Die Abwehrschwächen als ständiger Begleiter

So groß mittlerweile die Offensivmöglichkeiten sind, so bundesligauntauglich ist die Abwehr, wo sich die verfehlte Personalplanung der vergangenen Jahre nun endgültig bitter rächen könnte. Das betrifft die linke Abwehrseite ebenso wie die Innenverteidigung. Georg Niedermeier beispielsweise ist ein aufrechter Kämpfer, der sich stets ohne Rücksicht auf Verluste ins Gefecht wirft. Am Samstag hielt er bis zum Schluss durch, trotz einer Risswunde am Unterschenkel, die am nächsten Tag mit fünf Stichen genäht werden musste. Aufgrund fehlender fußballerischer Klasse aber war er schon unter mehreren VfB-Trainern auf dem Abstellgleis gelandet. Mangels Alternativen kam er immer wieder zurück – und macht immer wieder schwere Fehler wie vor dem 0:1 auf Schalke, als er im eigenen Fünfmeterraum unbedrängt über den Ball säbelte.

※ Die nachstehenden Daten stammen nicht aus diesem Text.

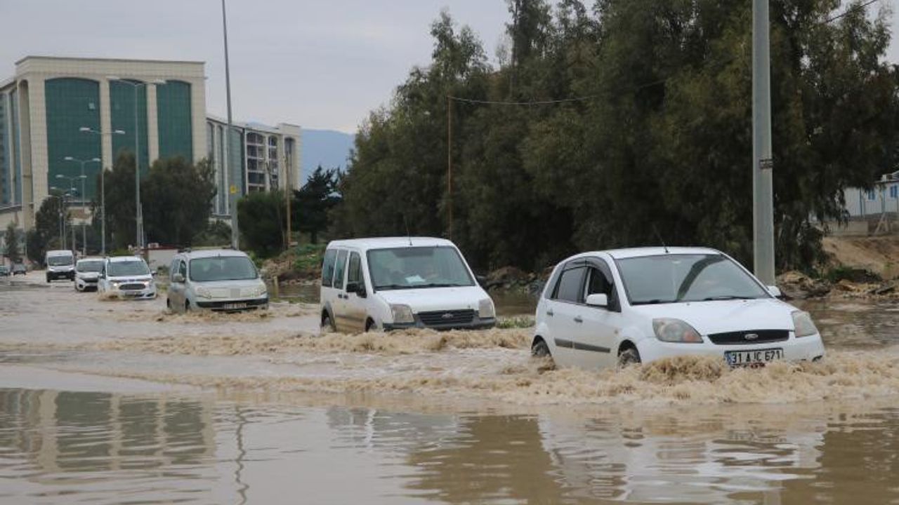 Hatay’ın Antakya ilçesinde etkili olan yağış sonrası göle dönen cadde sürücülere zor anlar yaşattı. Büyükşehir belediyesi ekipleri de su baskınlarının yaşandığı noktalarda tahliye işlemlerini sürdürüyor.
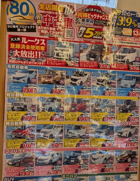 12日までです ご来店くださいませ 2026/01/10 | 藤枝店 ツイート こんにちは 4日から初売りがスタートしております 静岡日産は今年でおかげさまで80周年をむかえることができました 80周年プロジェクトの第一弾として 80周年特選車をご用意しました 新型エルグランド早期予約会 空くじナシの初売り抽選会も大好評です お待ちしております 前の記事へ 次の記事へ
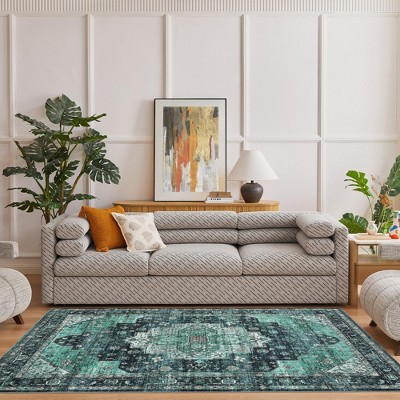 Machine Washable Rug, Ultra-Thin Vintage Medallion Area Rug for Living Room
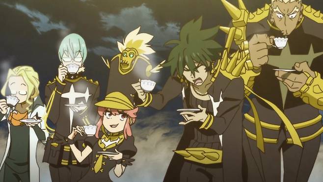 | ▲ 애니메이션 <킬라킬>의 한 장면. 왼쪽부터 재봉부 '이오이 시로', 정보부 '이누무타 호카', 문화부 '자쿠즈레 노논', 운동부 '사나게야마 우즈', 선도부 '가마고리 이라'. 간부는 네 명이지만, 재봉부는 극교복을 만드는 부서라 그에 준하는 대우를 받는다. |
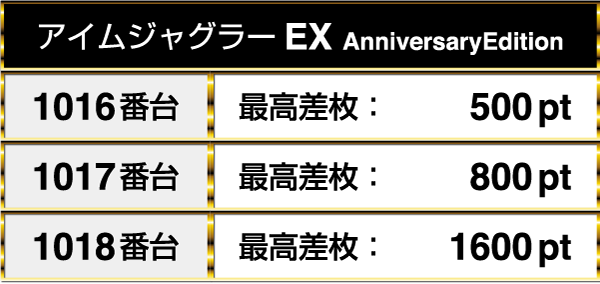 おなじジャグラーシリーズである『アイムジャグラーEX AnniversaryEdition』にも3台が固まってプラスptを記録する場所があった。
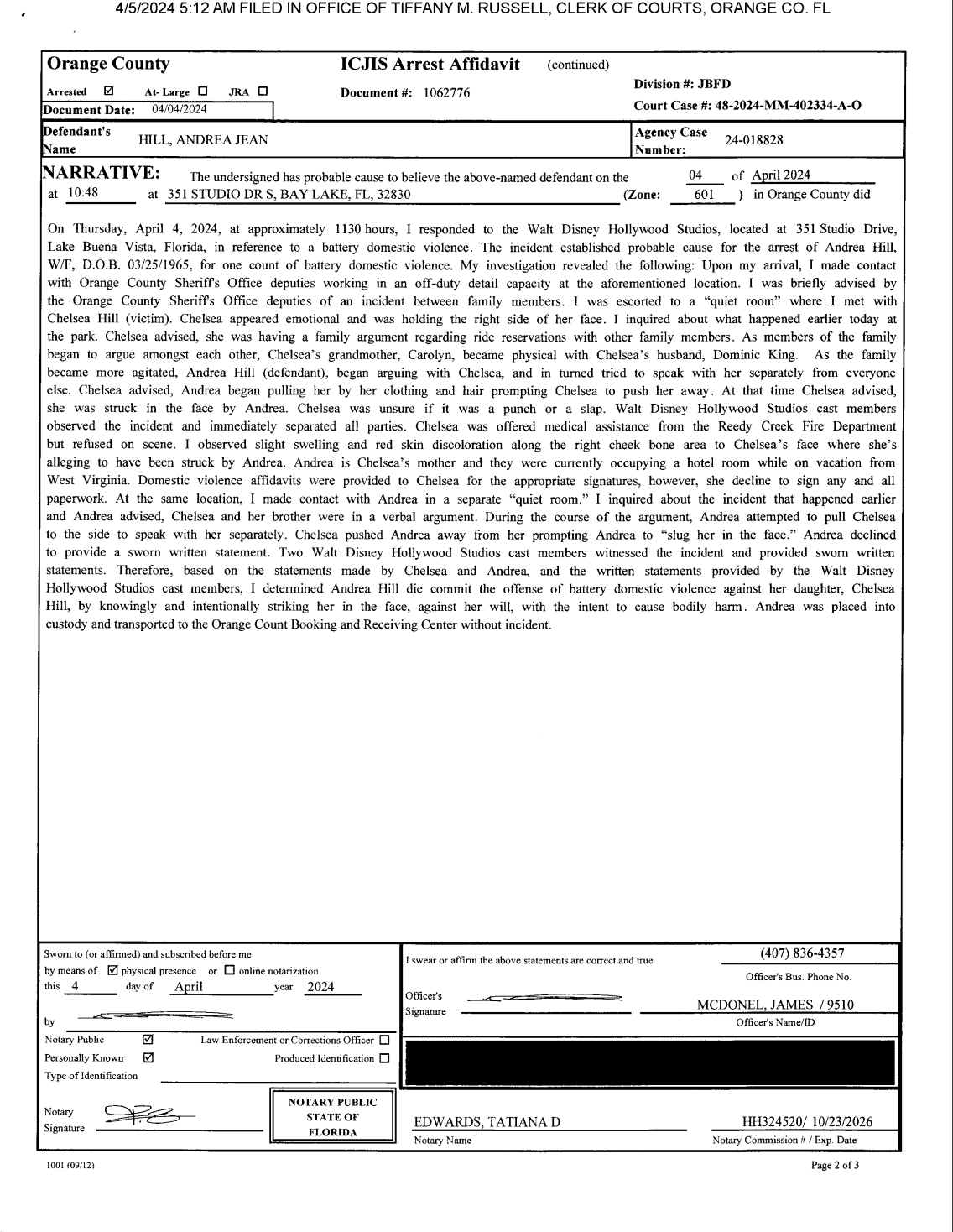 According to a recently released report from the Orange County Sheriff’s Office, Andrea Jean Hill was arrested last month at Disney’s Hollywood Studios after punching her daughter in the face.
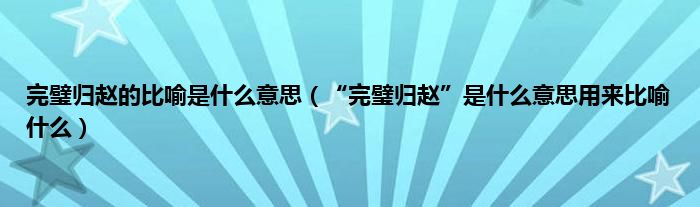 大家好,小常来为大家解答以上问题。完璧归赵的比喻是什么意思,“完璧归赵”是什么意思用来比喻什么很多人还不知道,现在让我们一起来看看吧!

Was bleibt, ist die Hoffnung auf die wundersame Rettung in den alles entscheidenden letzten drei Partien. Dass es schwer werde, die Spieler wieder aufzurichten, das wiederholt Huub Stevens am Ende noch einmal, „aber das bekommen wir auch diese Woche wieder hin“. Er sei „immer ein Kämpfer gewesen“, sagt der Trainer und schaut in die Runde. Die alten Weggefährten um ihn herum nicken zustimmend.